CYCLES

Published on 9 May 2025 at 19:34

Cycles - Alex Eskandarkhah | Runtime: 21 Minutes | Genre: Drama/Romance | Written by: Andre Kelly | Starring: Andre Kelly & Kat Khan

Logline: After a chance encounter at a laundromat, a reclusive man’s carefully insulated world begins to unravel, forcing him to confront the haunting weight of connection, trauma, and the quiet rituals that keep him numb.

Some films strive to be heard; "Cycles" is more interested in what we see when no one thinks we're looking. It lingers not in the loud moments, but in the accidental ones — the way a person folds a shirt, avoids eye contact, or hesitates before speaking. It's about disconnection masquerading as routine, and the brief collisions that threaten to undo it all. 

 

"Cycles," written by and starring Andre Kelly and directed by Alex Eskandarkhah, isn’t interested in transformation as a tidy narrative arc. It’s a story about inertia — about the rituals we build to keep the world out and how even the smallest disruption can expose what we’ve buried. 

 

Jerome is not on a journey so much as stuck in a loop: isolated, detached, grieving, and managing his emotions through the safe distance of screens and routines. When his washing machine breaks, it isn’t fate knocking — it’s life nudging.
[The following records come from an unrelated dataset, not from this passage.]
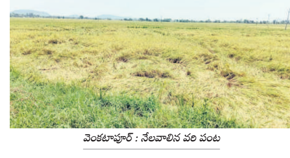
వెంకటాపూర్ : నేలవాలిన వరి పంట
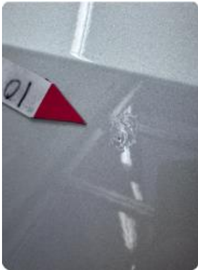
1.1 Steinsprut med korrosjon.
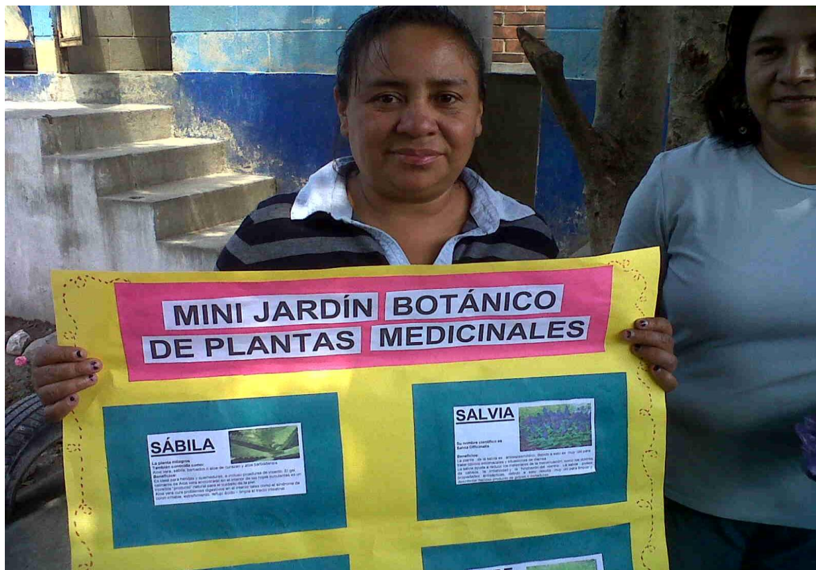
En la preparación del Mini Jardín Botánico
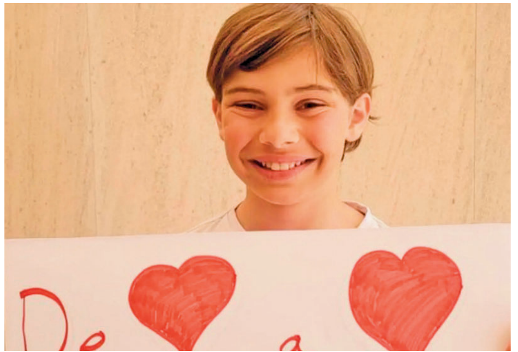
El joven vecino de Boadilla, durante la campaña de recogida de fondos
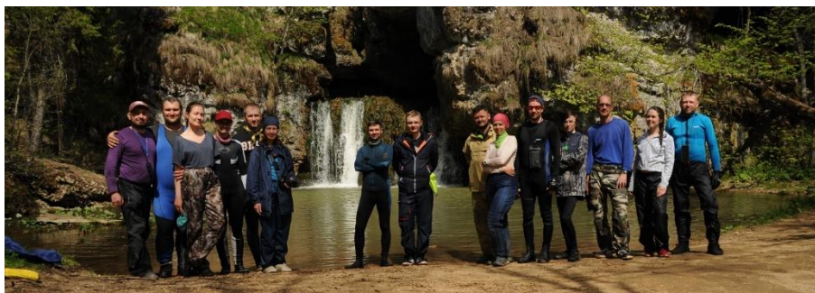
Фото 29. Группа у водопада Атыш

Проснулись поздно, долго собирались. На воду вышли в 12.40. В 12.55 были на поляне п.б. у водопада. Сходили на водопад, поднялись к пещере и на смотровую площадку. В 14.15 продолжили движение. В 17.40 были на точке Антистапеля – поляна на л.б перед мостом у д. Верхние Лемезы.
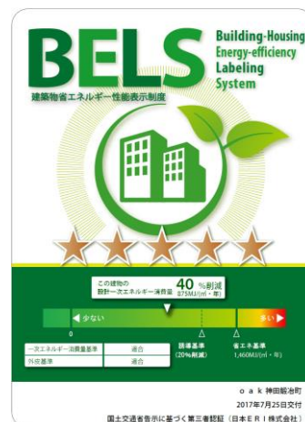
プロジェクト 06 oak 神田鍛冶町(商用ビル)
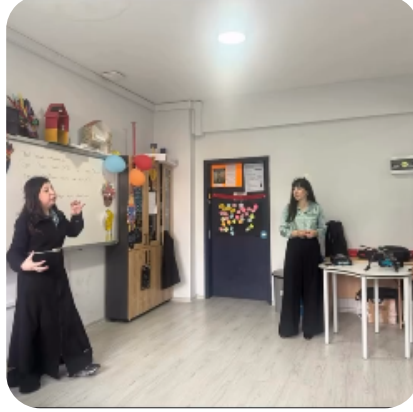
INTERNATIONAL BACCALAUREATE WORLD SCHOOL

He’s forced into a late-night laundromat where he meets a woman who isn’t there to save him or be saved, but to mirror something uncomfortable back at him: that connection, even unwanted, can be disarming. 

 

Kat Khan’s character is drawn with sharp edges and guarded softness — someone marked by her past, but not defined by it. Her interaction with Jerome is slow, resistant, and painfully honest. There is no neat vulnerability here; it’s cautious, half-revealed, and never performative. The connection they build feels fragile and unspoken, like something that could break simply by acknowledging it too openly. 

 

Eskandarkhah directs with restraint, allowing the tension to come from what’s withheld rather than what’s dramatized. Every glance, pause, and unfinished sentence carries emotional weight. The laundromat’s sterile, fluorescent light becomes a fitting backdrop — not for revelation, but for unearthed weariness. These two characters don’t meet in the middle; they circle one another, scarred and hesitant. 

 

When a figure from the woman’s past intrudes, the film doesn’t escalate — it contracts. And that choice is crucial. Trauma here isn’t a plot device; it’s a presence, always humming in the background, even in silence. Jerome doesn’t step forward to help. He retreats. And the film allows him to. Because some people are too familiar with their own brokenness to risk touching someone else’s. 

 

This is a film that rejects the comfort of catharsis. Instead, it forces us to sit in the discomfort of emotional paralysis, where moments of connection are rare, fleeting, and often too much to bear. "Cycles" doesn’t offer answers, but it dares to ask: what happens when you’re finally seen — and it hurts?